BACKGROUND OF THE INVENTION
[0002] Mobile radio communications systems may operate in one of
two modes: trunked mode of operation (TMO) and direct mode of
operation (DMO). TMO communications use the infrastructure supplied
by the operator, e.g. base transceiver stations, where the operator
charges fees for the use (by means of airtime, fixed price,
features oriented fees, etc.). TMO operators provide a service in
which it is possible to encrypt the communication signals, so that
the user has privacy during the calls. Users of this service
generally purchase the service from an operator, e.g. by purchasing
secure talk time from the operator for use via the TMO system
infrastructure.
[0003] The DMO is a method that provides the capability of direct
communication between two or more radio units without any
operator's infrastructure. Operators, therefore, are typically not
interested in supplying users with that service, since there is no
mechanism to control its usage and to collect fees for its use.

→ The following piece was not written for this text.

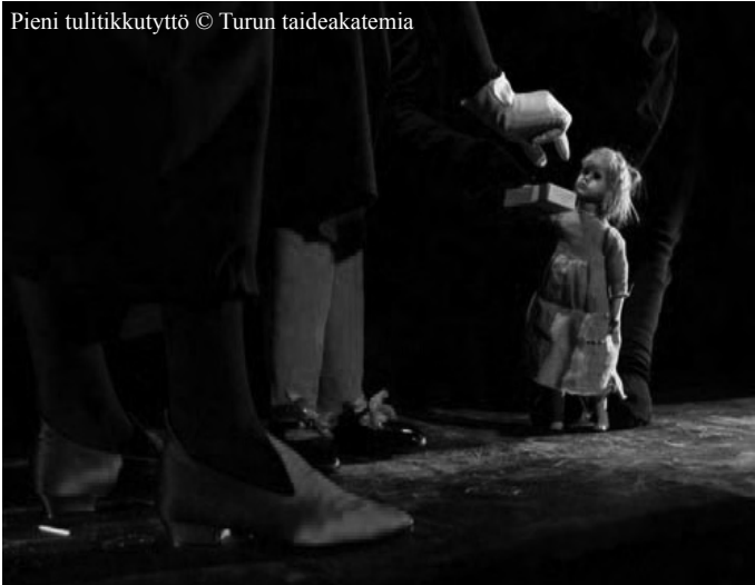
Pieni tulitikkutyttö © Turun taideakatemia

Furthermore, any clear conversation in DMO can be heard by anyone
that is tuned to the same radio frequency without any further
control.
[0004] Nevertheless, it is desirable to provide DMO for users who
intend to be outside the coverage range of the TMO infrastructure,
or for short range communications in overloaded areas.
Unfortunately, for such users who are familiar with the TMO
services and who desire secure communications by encryption even
when communicating in DMO, no facilities for such secure DMO
communications are available.
[0005] There are several procedures and technologies currently used
for provisioning prepaid radio communications services from an
operator. The main ones are as follows:
[0006] Callcard--where the user buys airtime (phone time) and
enters a number. By doing that the user activates a counter in the
infrastructure that controls the time available and time left. Once
the time has expired the system disables the service and the user
needs to buy another card. This is an infrastructure-based
solution, suitable only when the user is in the coverage range of
the system. It is obviously not suitable for secure DMO
provisioning.
[0007] SIMcard at GSM--the user buys a board, where one of the
parameters stored on board is the amount of time the user has
bought. Once the bought time has been used, the card is disposed
of. The disadvantage of this approach is that the SimCard cannot be
specifically configured for a specific user or group and therefore
this approach is also not suitable for secure DMO.

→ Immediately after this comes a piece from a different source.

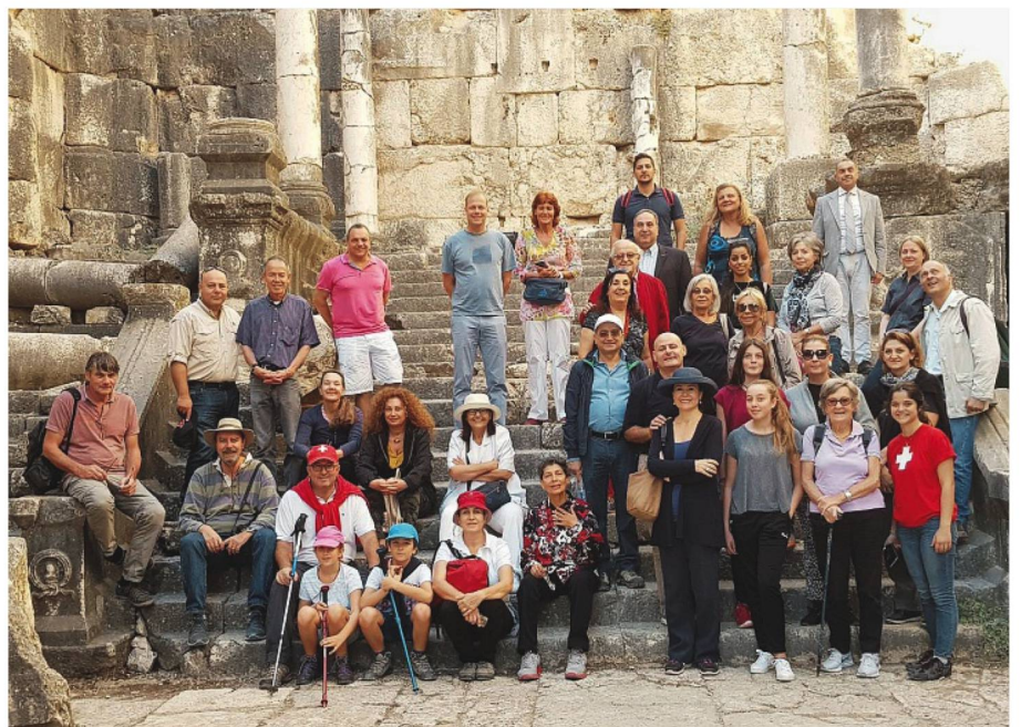
«Les amis de la Suisse» dans les ruines de Niha, construit aux II e et III e siècles.

[0008] Another disadvantage of the known provisioning procedures is
that these procedures require the user to buy the calling card, or
to go to a service station to program the radio or to buy a SIM
card and then program the data again (e.g. if the user's
identification stored on the previous card has been lost and so
must be re-programmed on a new card).
[0009] Thus, a need exists for provision of secure DMO
communications between mobile radio transceiver units, especially
units which can also operate by TMO, and preferably a new method
and system for provisioning services which can be used in relation
to DMO communications.
[0010] In the prior art, secure communications between mobile units
is described in various references, e.g. WO-A-96/18269, U.S. Pat.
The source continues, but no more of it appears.